First things first…WHAT?

Yeah so, JinaD stands for Jina Daemon, and the core idea is to remember that Jina was born to be distributed, so we need to take advantage of that, and what JinaD aims at is to spin up Flows remotely.

I think the easiest will be to check some of the JinaD tests to see what's going on, let's take a look at the test_query_with_shards.

Again…what?

Let's define first what is the expected output and then let's see how we'll do it. For this test we want

  1. Build our Docker image with Docker compose
  2. Create remote Flows
  3. Index & Query

Right…let's see the implementation

As you can see with have several files here, and since our first step was to build our Dockerfile let's check that one first

FROM jinaai/jina:test-pip

WORKDIR /

RUN apt-get update && \
    apt-get install --no-install-recommends -y git \
    curl

RUN python -m pip install --no-cache-dir --upgrade pip && \
    git clone https://github.com/jina-ai/jinad.git && \
    pip install $(grep -ivE "jina" jinad/requirements.txt) --ignore-installed && \
    cd jinad && python setup.py install

COPY . /

COPY tests/integration/distributed/test_index_query_with_shards/entrypoint.sh .

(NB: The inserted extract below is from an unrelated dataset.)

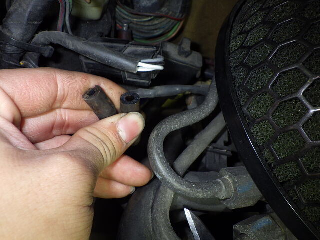 症状から見てバーキュームパイプやスロポジが怪しそうだなと感じていましたがやはりバキュームパイプのフューエルトラップからインマニ裏へつながっているパイプが抜けていました。

RUN chmod +x entrypoint.sh

ENTRYPOINT ["bash", "-c", "./entrypoint.sh"]

Ok, so the first thing here is that we'll use the test-pip image as a base, if you don't have it yet you can build it with:

docker build --build-arg PIP_TAG="[devel]" -f tests/integration/jinad/Dockerfiles/Dockerfile -t jinaai/jina:test-pip .

And then we get all the necessary requirements for JinaD.

Now the next step is to spin up our flow, so let's check the test_integration.py

def test_flow():
    if Path.cwd().name != 'jinad':
        sys.exit(
            'test_index_query_with_shards.py should only be run from the jinad base directory'
        )

    start_docker_compose(compose_yml)

    time.sleep(10)

    flow_id = send_flow(flow_yml, pod_dir)['flow_id']

    print(f'Successfully started the flow: {flow_id}. Lets index some data')

As you can see, after checking we're on the right folder, we run start_docker_compose, and this will take care to build up our image with the Dockerfile we just saw. After that, the next step is to spin up our Flow, we have a print to see our Flow id just (case you can never have enough prints for mental health) for sanity.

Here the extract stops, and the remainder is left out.